Hello! Just wondering if anyone in the South Florida area has any experience with either the Broward Schutzhund Club or the South Florida Schutzhund Club? 

I want to get Rainer more involved with tracking and more advanced obedience. We train with a small local club here, but would like to try expand our experience (if that makes sense? lol) I would like to see him more involved in protection, but Rai isn't too into it at this moment so it is not a main concern. :help:

Also, any suggestions for other clubs/trainers would be appreciated! I live in the West Palm area for a point of reference.

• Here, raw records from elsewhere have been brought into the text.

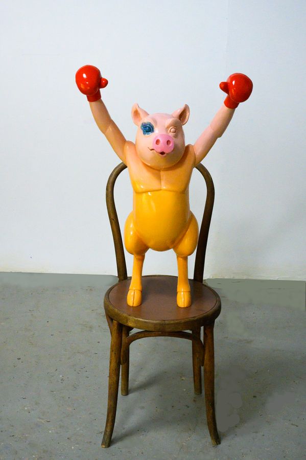 The good-natured look of these figures, the merry colours, based on striking colour contrasts, the jovial nature of the postures, and the precision of their features, so finely observed, all that also conjures up the imagery of children’s books.  The tranquil menagerie of tender years and the merry-go-round, as enchanting as it is intriguing.  The surprising nimbleness with which they are made illustrates an almost anachronistic know-how and, at the same time, it evokes the mimicry of figures in wax museums.  These creatures are in fact so alive and realistic that you would think they are the result of an observation of man that is so keen that it ends with a depiction that is more than nature, with the animal here becoming the acute form of a clinical vision of the state of human beings.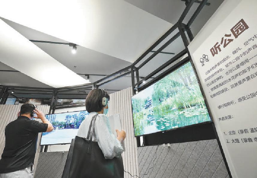 昨天,觀眾在北京城市建筑雙年展“未來之聲”展區(qū)體驗(方非/攝)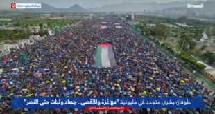 اليمن الحر الاخباري/متابعات شهد ميدان السبعين بالعاصمة صنعاء اليوم الجمعة، مسيرات مليونية متجددة إسنادا لغزة تحت شعار “مع غزة والأقصى.. جهاد وثبات حتى النصر”. وللشهر الحادي عشر على التوالي تخرج في العاصمة صنعاء ومختلف المحافظات والمديريات مسيرات مليونية أسبوعية في عشرات الساحات نصرة للشعب الفلسطيني وإسنادا لغزة. وعلى الرغم من …

Thank you in advance for any help everyone may provide.


----------



## T U N D R A (Oct 7, 2014)

*Schutzhund Clubs ~ South FL*

I'd like to know as well.. I'm also in Palm Beach county, yet find myself more and more in Broward with my other half working there so much.. so I am wondering if you joined a club and if so, where..? Do you like it..? Do tell, as I am thinking of going to Miami's Schtzhnd club to check it out.. Broward co club wants you to pay $90 just to "try it out" for 3 months.. Id rather come a few times, and see first.. which Miami lets you do, no pressure to join. I like the latter approach best. Anyway, LMK if you would, about your experience(s) since you posted 2012 and its now 2014..


----------



## middleofnowhere (Dec 20, 2000)

One of these, I think, is Godfried D.'s club. I'd go with that one. He's got a great reputation for being a great trainer and also very positive in his methods.


----------



## szariksdad (Jun 25, 2010)

South Florida Sch. Club has Phil Hoechelr as president and I have done a training seminar and I learned a lot so if he has room I would go with his club.


----------